Go through the lines below and repeat each one exactly, skipping pictures.

DATASET EXTRACT =>
○ ○ ○
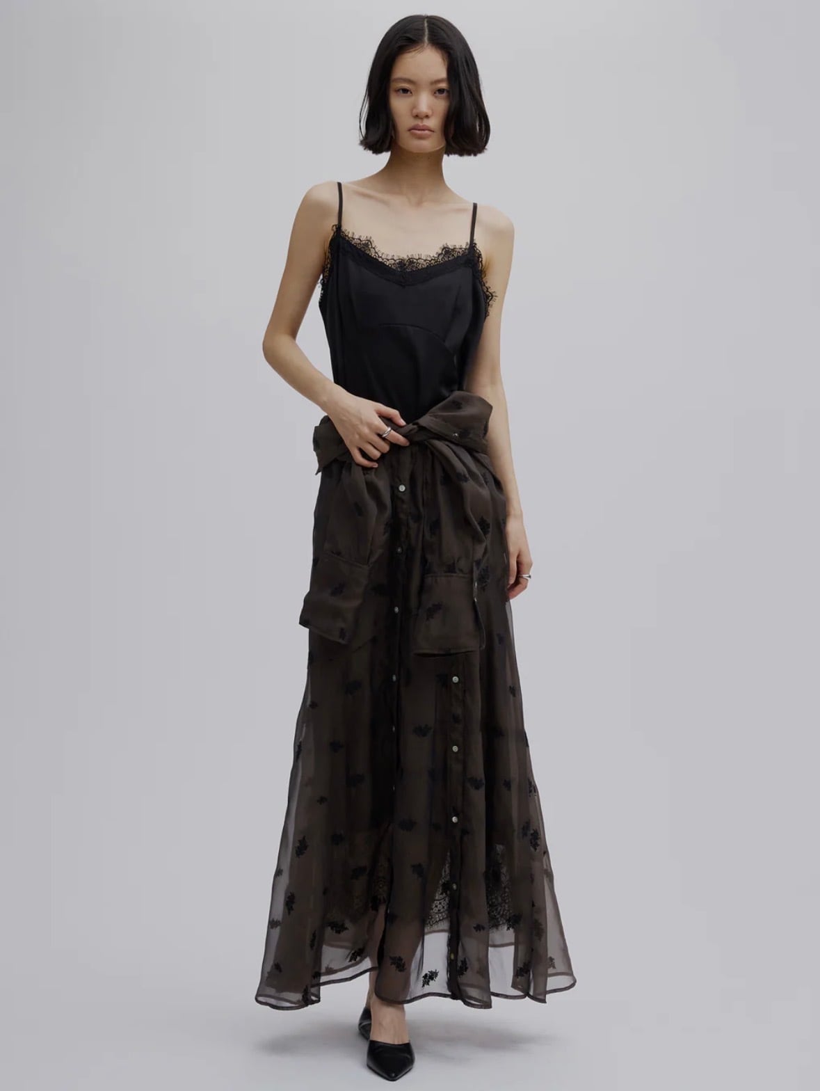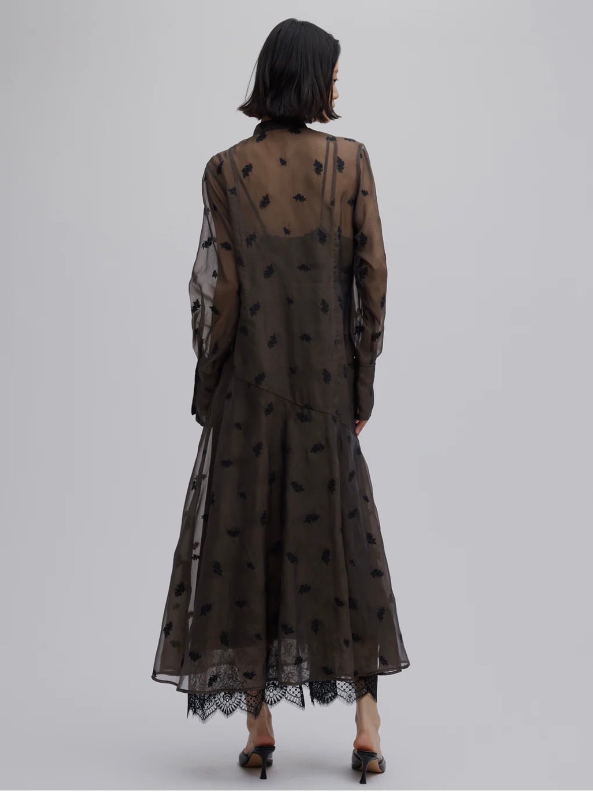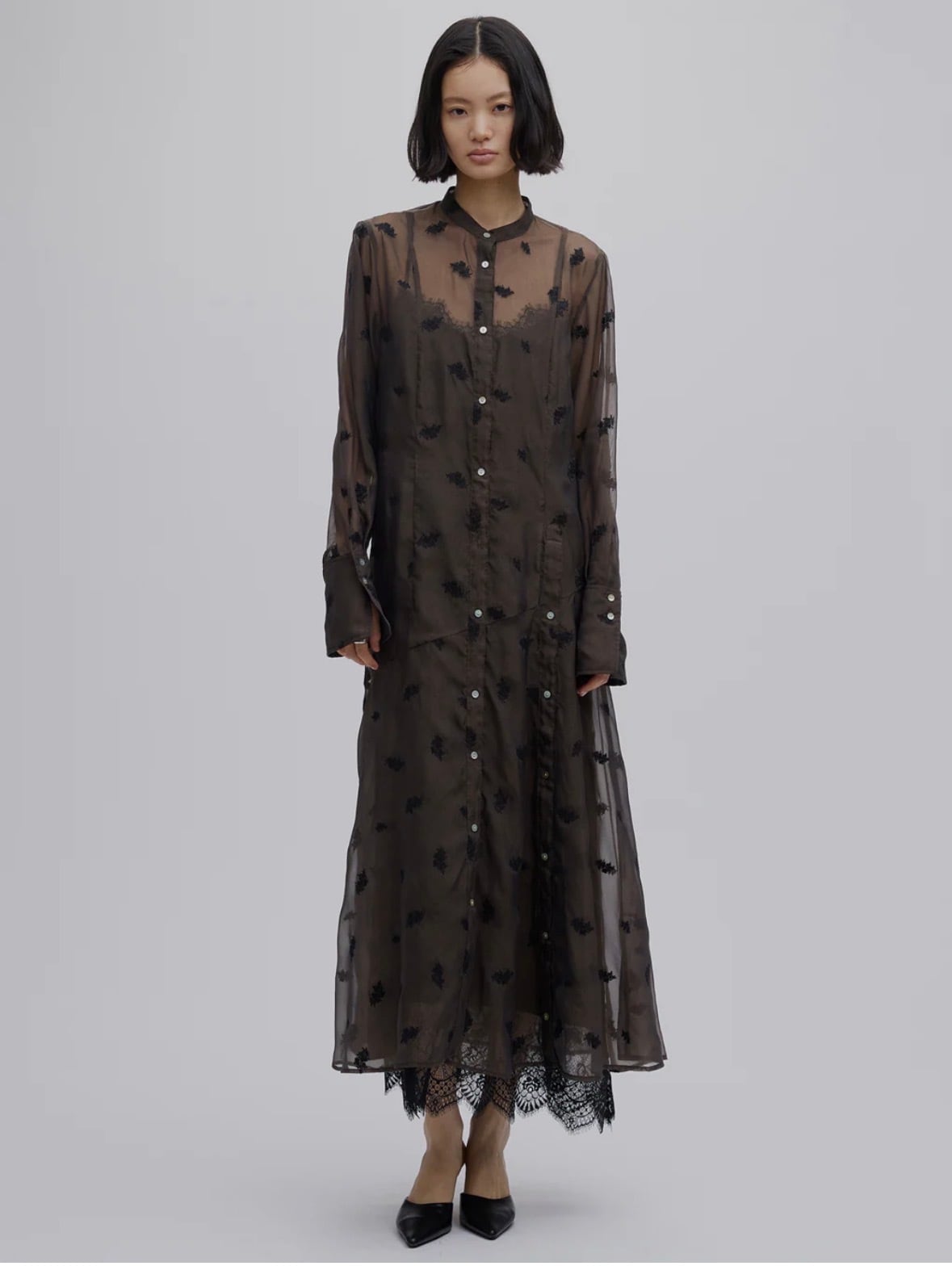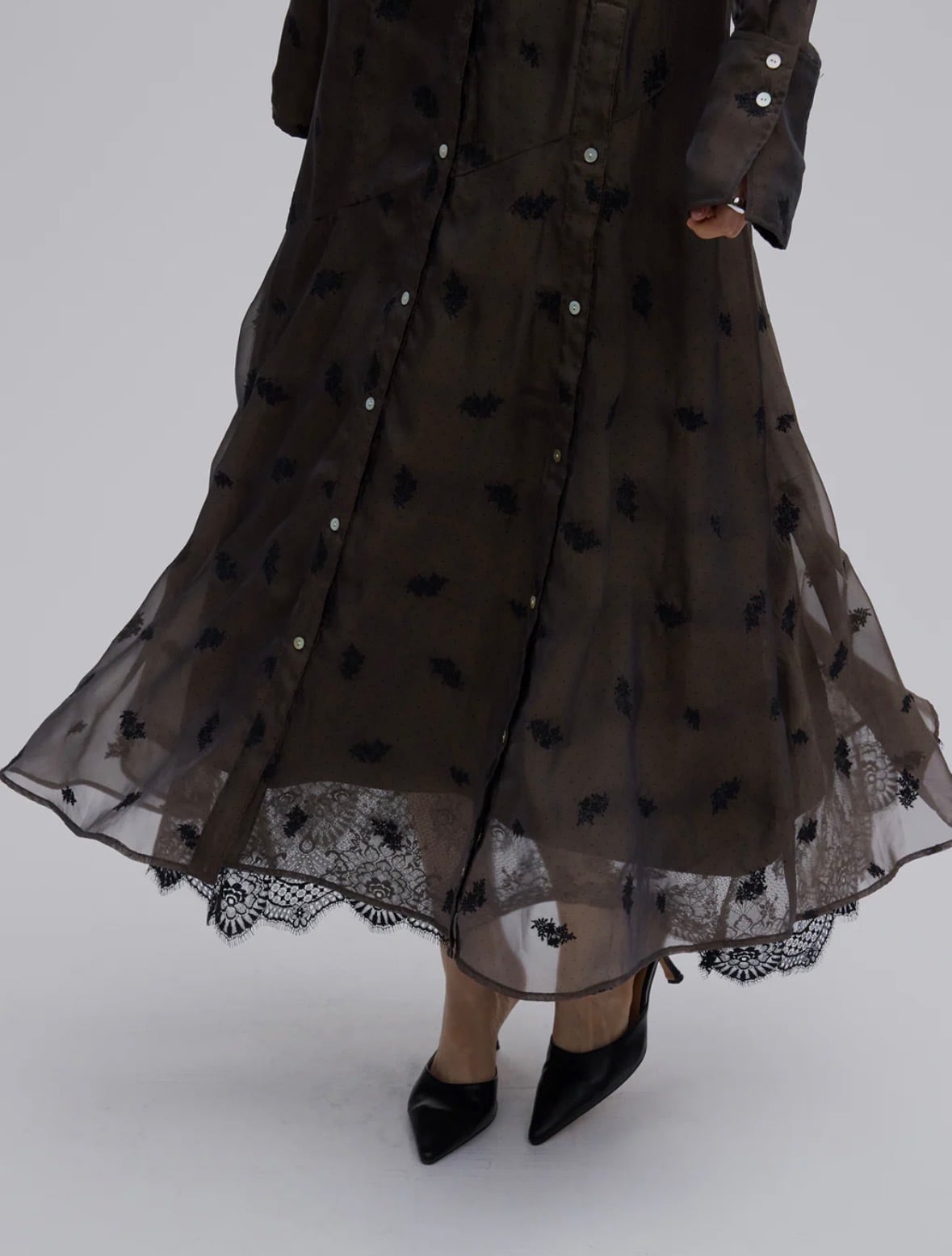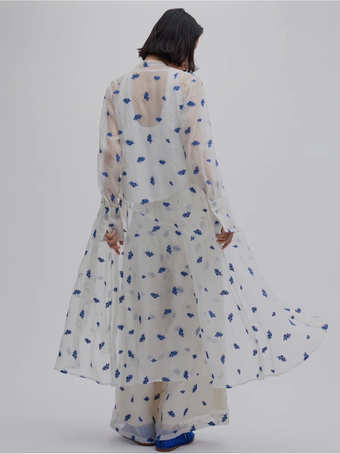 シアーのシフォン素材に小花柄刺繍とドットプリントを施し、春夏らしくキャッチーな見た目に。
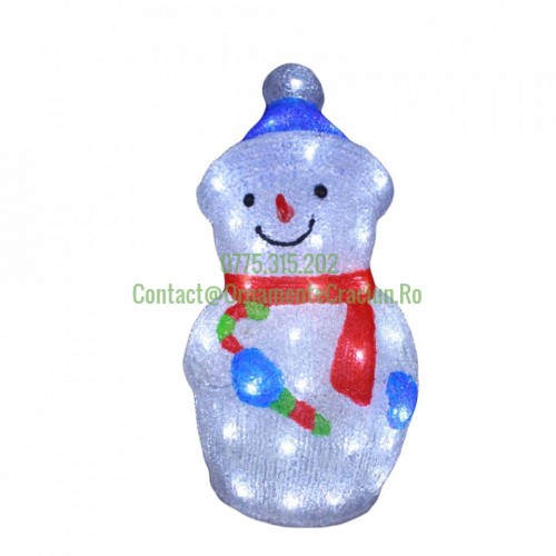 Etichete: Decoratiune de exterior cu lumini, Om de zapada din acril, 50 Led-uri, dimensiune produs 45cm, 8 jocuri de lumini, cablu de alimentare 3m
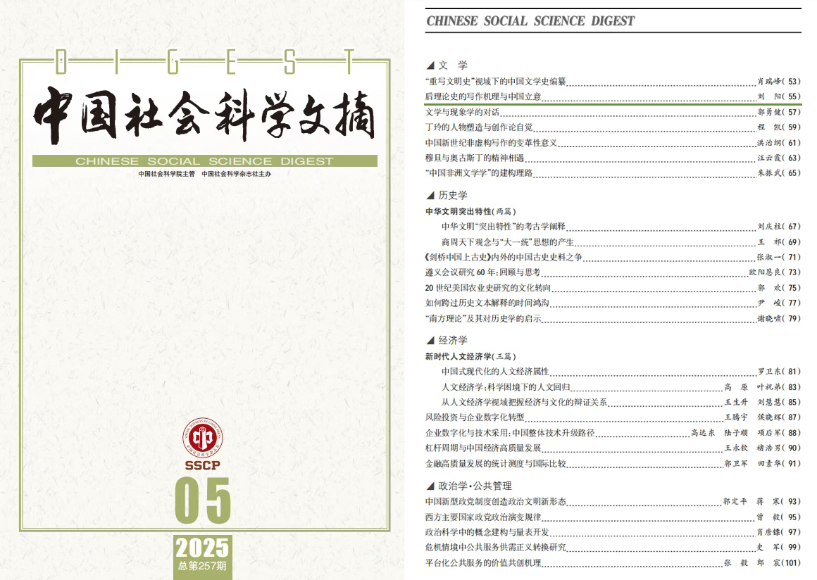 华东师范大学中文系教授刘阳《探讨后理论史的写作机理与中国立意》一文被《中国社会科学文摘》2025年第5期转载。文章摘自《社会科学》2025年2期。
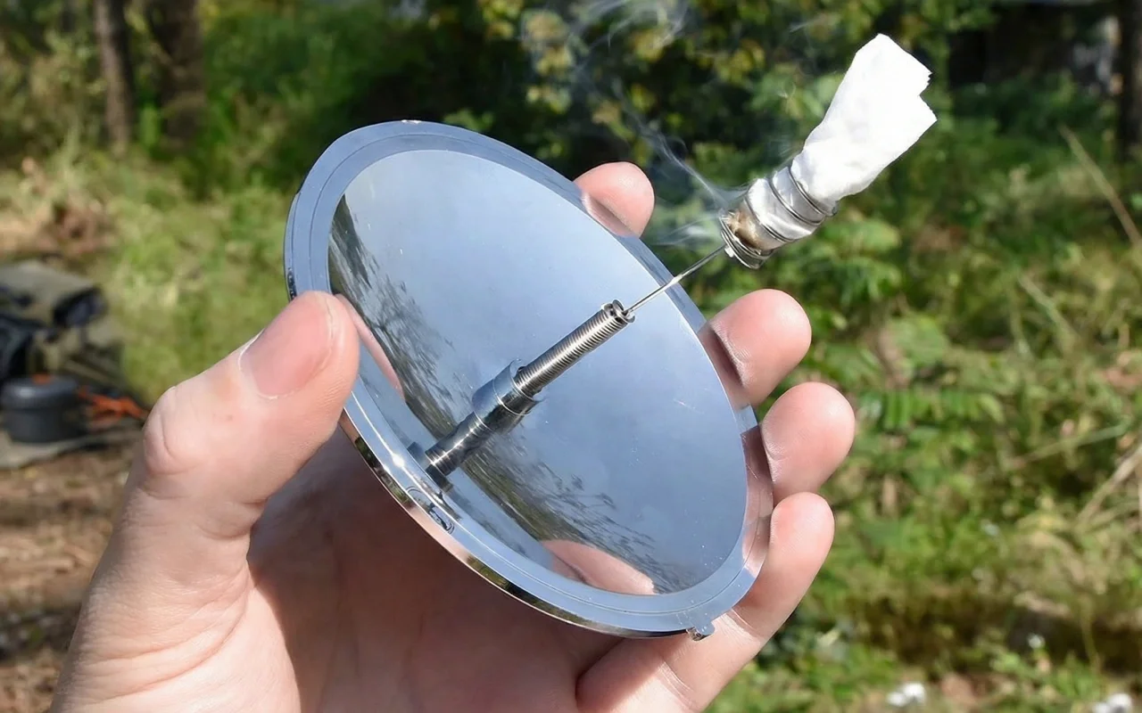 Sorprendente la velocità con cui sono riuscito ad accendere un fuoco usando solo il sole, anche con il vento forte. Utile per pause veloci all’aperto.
○ ○ ○
EXERCISE OUTPUT =>
 シアーのシフォン素材に小花柄刺繍とドットプリントを施し、春夏らしくキャッチーな見た目に。
 Etichete: Decoratiune de exterior cu lumini, Om de zapada din acril, 50 Led-uri, dimensiune produs 45cm, 8 jocuri de lumini, cablu de alimentare 3m
 华东师范大学中文系教授刘阳《探讨后理论史的写作机理与中国立意》一文被《中国社会科学文摘》2025年第5期转载。文章摘自《社会科学》2025年2期。
 Sorprendente la velocità con cui sono riuscito ad accendere un fuoco usando solo il sole, anche con il vento forte. Utile per pause veloci all’aperto.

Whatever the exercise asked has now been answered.